09/06/2025
I’ve been avoiding writing this because putting it into words makes it feel too final. But on Monday, September 1st, just one week after Indy passed, my sweet Haven let me know it was time to set her free.
That morning she didn’t want to get up. Even if I tried to support her and help her stand, she’d immediately lie back down. I was able to get her to potty and get some water, but throughout the day she just wanted to rest. Then, she refused food. For Haven, who never turned down a meal in her entire life, that was the clearest sign. People say, “they’ll tell you when it’s time,” and while that isn’t always true, with her it was.
I had been fighting for her, ordering supplements, trying every option I could find, clinging to stories of dogs beating lymphoma with prednisone or other therapies. But her cancer was aggressive, and looking back, I realize the signs had been there since June when we went to the vet. I’ll always regret the timing of that rabies vaccine that visit, not because I think it caused her cancer, but because I think it sped things up and stole precious time from us.
Haven was my girl from my very first litter. She was the last to arrive, born into my hands after hours of waiting and worrying. I was terrified she wouldn’t survive (I was silly and overly dramatic), and when she came out perfect, I cried tears of joy.

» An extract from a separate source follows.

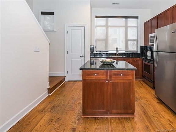 This terrific first ward townhome style condo offers a great urban living experience w/the convenience of being able to walk to a Hornets game or to your favorite uptown restaurant/bar. Spacious open floor plan w/living & dining area leading to fully equipped kitchen w/ss appliances, granite counter tops & kitchen island ideal for food prep or casual entertaining. A private owners suite on the upper level provides a large master bdrm suite with a full bath plus an office/sitting rm adjacent to the bdrm. The rooftop terrace boasts panoramic views of uptown Charlotte & plenty of space for entertaining or a private getaway. The lower level second bdrm & full bath plus den/exercise/office can also be accessed from the private enclosed ground level patio. The ground level fenced patio can easily handle a grill & be used for entertaining & relaxing. Owner has a home warranty w/2-10 that is good for almost a year & will be transferred to the new owner. Washer/dryer/refrigerator included.

Over the years she grew into a beauty, but it was her role as a mother that defined her. Haven was legendary. No puppy was ever left behind. If one wandered, she’d bring it back to the milk bar herself. She allowed her babies to nurse right up until the day they left us, and more often than not, she’d choose to sleep right in the pen with them, surrounded by a pile of warm puppies. Her instincts were so strong that she even “adopted” four puppies from another mother, instantly integrating them into her litter of 4 and treating them as her own. Being a mom was her greatest joy, her life’s purpose. When retirement came, she mourned deeply, pacing at the sound of other litters crying as if to say, “No one raises babies like I do" as she glared at me in outrage. She was right, no one ever has, and no one ever will.
When the time came, I was blessed with the most compassionate vet, Dr. Dawnetta Woodruff, who left her family dinner to come help Haven pass peacefully. I’ll never ever be able to thank her enough for all the times she's been there for us in our time of need.
We said goodbye on a blanket I had saved from Havok’s passing. Haven sniffed it thoroughly, and I believe she smelled her dad. When I handed her Havok’s old chuck-it ball, she proudly stole it, squishing the air out of it over and over, satisfied she had finally gotten away with something he never would have allowed. It felt like her last little victory.
We gave her ribeye steak, and she enjoyed every bite. I told her how much she meant to me, to us, and to everyone who has one of her puppies. I asked her to tell Havok, Indy, Lexi, Buck, and her brother Argo that we love them. And I told her to tell her dad she stole his ball. Then she drifted off peacefully, my brave and beautiful girl.
It’s strange to have a house full of dogs and still feel like it's not "home" anymore. Losing Havok, Indy, and now Haven in such a short span has left me devastated. Haven wasn’t just another dog, she was my cuddle buddy when Kevin traveled, the one who broke the “no dogs on the bed” rule, my buddy. The loss of their steady companionship is unbearable.
But I hold on to their legacy in their children. Hype, Havok’s son, and Star, Haven’s daughter, are with us, carrying pieces of the two dogs who shaped so much of our lives!❤️🩹
If you’ve read this far, thank you. Haven deserved a proper tribute. She was one in a million, and she will be loved and missed forever.